Gazeteye göre Erk bir başka soru üzerine, Başbakan ve Ulusal Birlik Partisi Genel Başkanı Derviş Eroğlu’nun müzakerelere destek verdiğini, ne kendisinin ne de hükümetinin müzakereler süreci ile ilgili “sorun çıkarmayacağını” söylediğini kaydetti.
“Neden ATAD’ın Orams ile ilgili kararının müzakerelere zarar verdiğini söylüyorsunuz?” şeklindeki soru üzerine ise Kutlay Erk, mülkiyet konusunun bu sorunun değil (Orams), Kıbrıs sorununun bir parçası olduğunu belirterek, Kıbrıs sorununun kökeninin mülkiyet konusu olmadığına işaret etti.
Mülkiyet sorununun 1974’ten sona oluştuğunu kaydeden Erk, Kıbrıs sorununun mahkeme kararları ve şahıslar tarafından çözümlenmesinin mümkün olmadığını, bunun; iki toplum lideri arasındaki müzakere ve siyasi diyalog konusu olduğunu belirtti.

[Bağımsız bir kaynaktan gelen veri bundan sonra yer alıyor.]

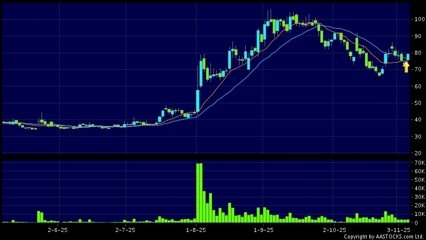 英諾賽科(02577.HK) -3.100 (-3.944%) 沽空 $1.71百萬; 比率 0.687% 10天移動平均線升穿20天移動平均線,出現黃金交叉。現價報78.900,上升6.334%,成交量3.89百萬股,成交額2.99億。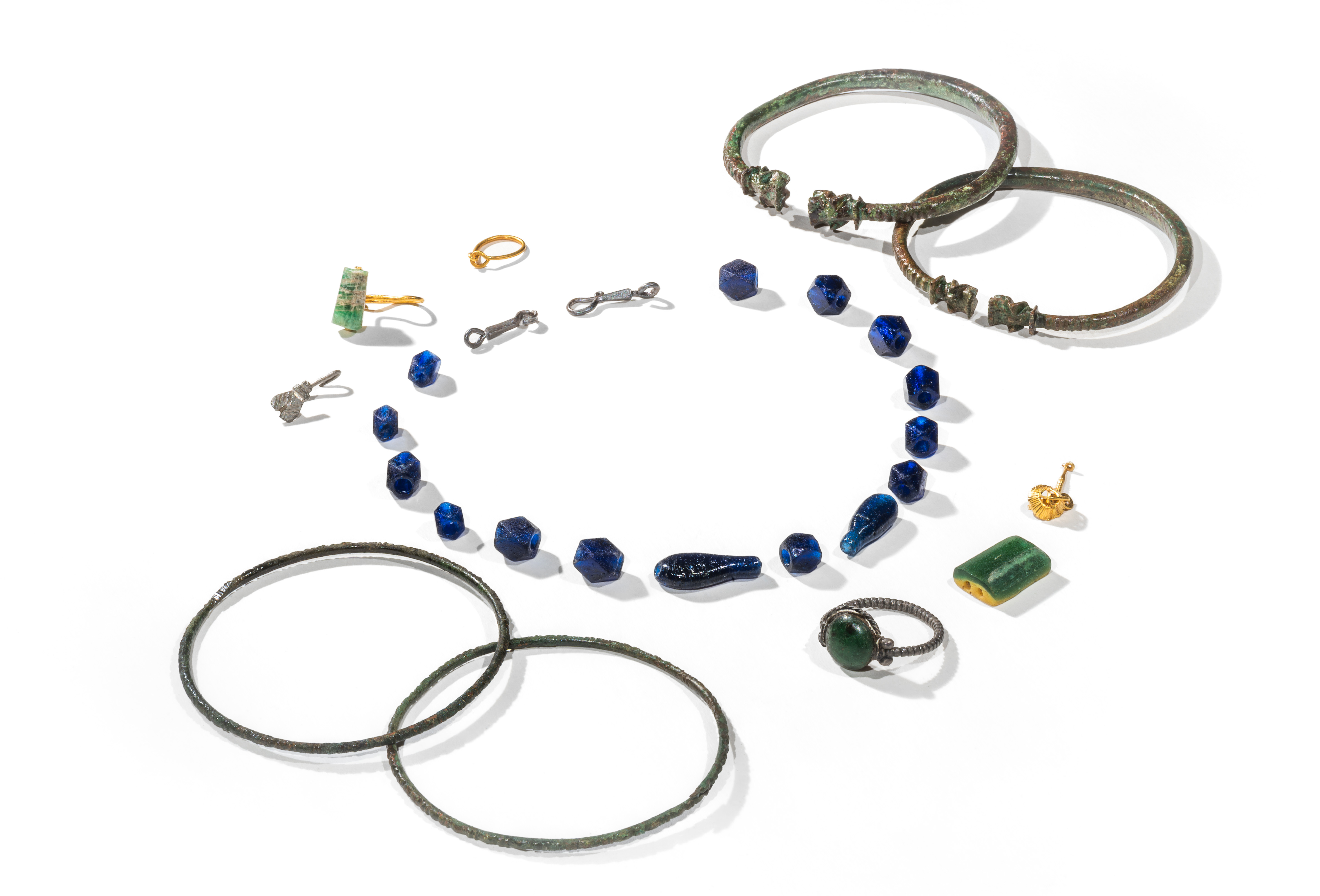 Arheološka izkopavanja, izvedena pred gradnjo večnamenskega kompleksa Emonika, ki so potekala spomladi in poleti 2024, so razkrila dele severnega grobišča Emone ter številne pomembne najdbe, ki pričajo o vsakdanjem življenju in verovanjih Rimljanov ter njihovi naklonjenosti do raznolikega okrasja. Poleg keramičnih in steklenih predmetov ter oljenk z raznolikimi motivi smo našli tudi uhane. Enega, narejenega iz zlate žice, je krasil vodoravno postavljen zelen kamen, morda smaragd, drugi, srebrn, pa po obliki ponazarja muho ali škržata. Med najbolj osupljivimi najdbami je izjemen komplet nakita iz 4. stoletja, ki vključuje štiri bronaste zapestnice, dve preprosti in dve z zaključki v obliki kačjih glavic, srebrn prstan z vstavkom iz zelenega stekla ter ogrlico iz petnajstih temnomodrih steklenih jagod s srebrnima zankama za zapenjanje. Vsak kos pripoveduje svojo zgodbo o mojstrskem rokodelstvu in osebnih slogih tistega časa.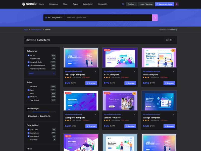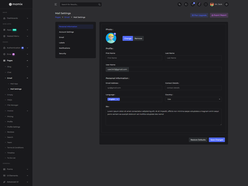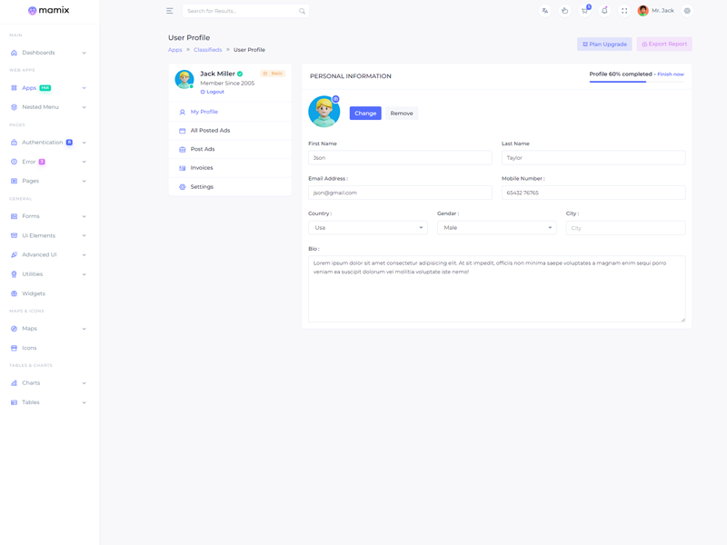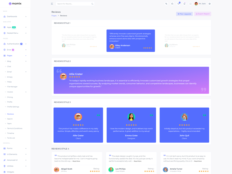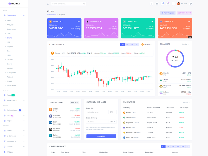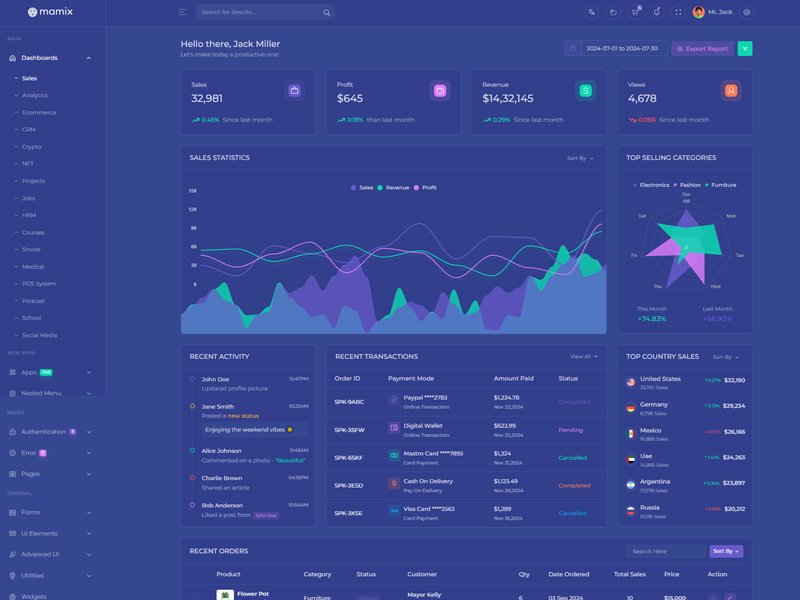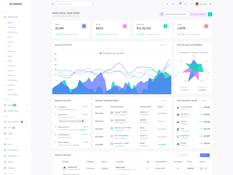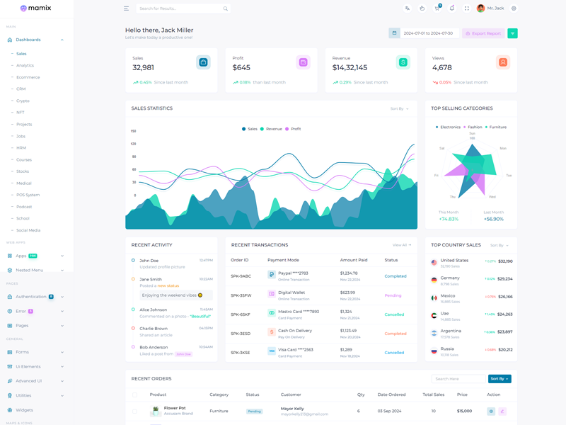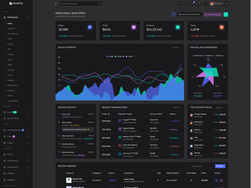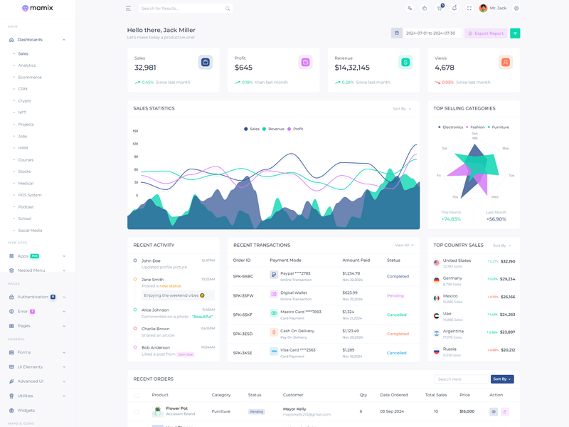 The Mamix Admin Dashboard template is flexible and fully customizable. To use your own content, you can easily customize the source files.

ATAD ve buna benzer kararların sorunu çözmediğini, aksine karmaşık hale getirdiğini ifade eden Kutlay Erk, Kıbrıs Rum liderliğinin, Orams ile ilgili kararı elinde güçlü bir müzakere silahı olarak kullanma düşüncesine sahip olmasının mümkün olduğunu, “ancak bunun kendisini yaralayan bumeranga dönüşeceğini” söyledi.
Erk, bu arada Orams çifti aleyhine dava açan Meletis Apostolidis’in, Poli’de 30 dönümlük Kıbrıs Türk toprağını kullandığına dikkat çekti.
Bir başka soru üzerine Kutlay Erk, mülkiyet hakkıyla ilgili kişisel haklara saygı duyduklarını, bu nedenden dolayı mülkiyet konusunu üstünde anlaşmaya varılan bir çözüm içerisinde çözmek istediklerini ifade etti.